"On Leather Wings" is the first episode of Batman: The Animated Series. It originally aired on the Fox network in the United States on September 6, 1992. It was written by Mitch Brian and directed by Kevin Altieri. This was the first episode of the series to feature the villain Man-Bat, and was also Man-Bat's first screen appearance. In comics, Man-Bat first appeared in 1970. Although "On Leather Wings" was the first episode of the series to be produced, it was the second to be broadcast, following "The Cat and the Claw, Part 1", which premiered just the day before.

Plot
When something resembling a giant bat is seen in the skies over Gotham City, and later attacks a guard at Phoenix Pharmaceuticals, Batman is considered the culprit. Detective Harvey Bullock asks Mayor Hamilton Hill for permission to form a tactical squad to capture Batman, which was denied by Commissioner Gordon, who does not believe Batman is responsible. Hill authorizes the strike force with District Attorney Harvey Dent promising to put Batman in jail if Bullock catches him.
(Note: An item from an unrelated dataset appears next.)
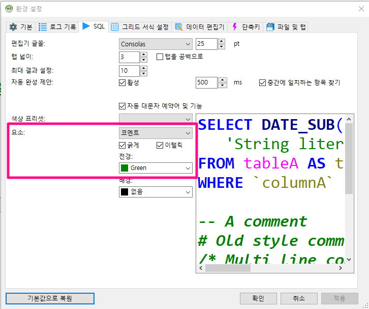도구 > 환경설정, SQL 탭에서 빨간색 박스 부분을 원하는 내용을 변경 후 [확인]을 클릭

Believing he was set up, Batman investigates and finds out there were two similar robberies at other pharmaceutical companies. Batman infiltrates Phoenix Pharmaceuticals, unknowingly alerting the security guards, who call the police. As he investigates Bullock's strike force arrive at the scene, just as Gordon tells him another pharmaceutical company was just robbed across town, proving Batman's innocence. Batman escapes the squad with the only recovered clues: a recording of the guard's attack and a fur sample.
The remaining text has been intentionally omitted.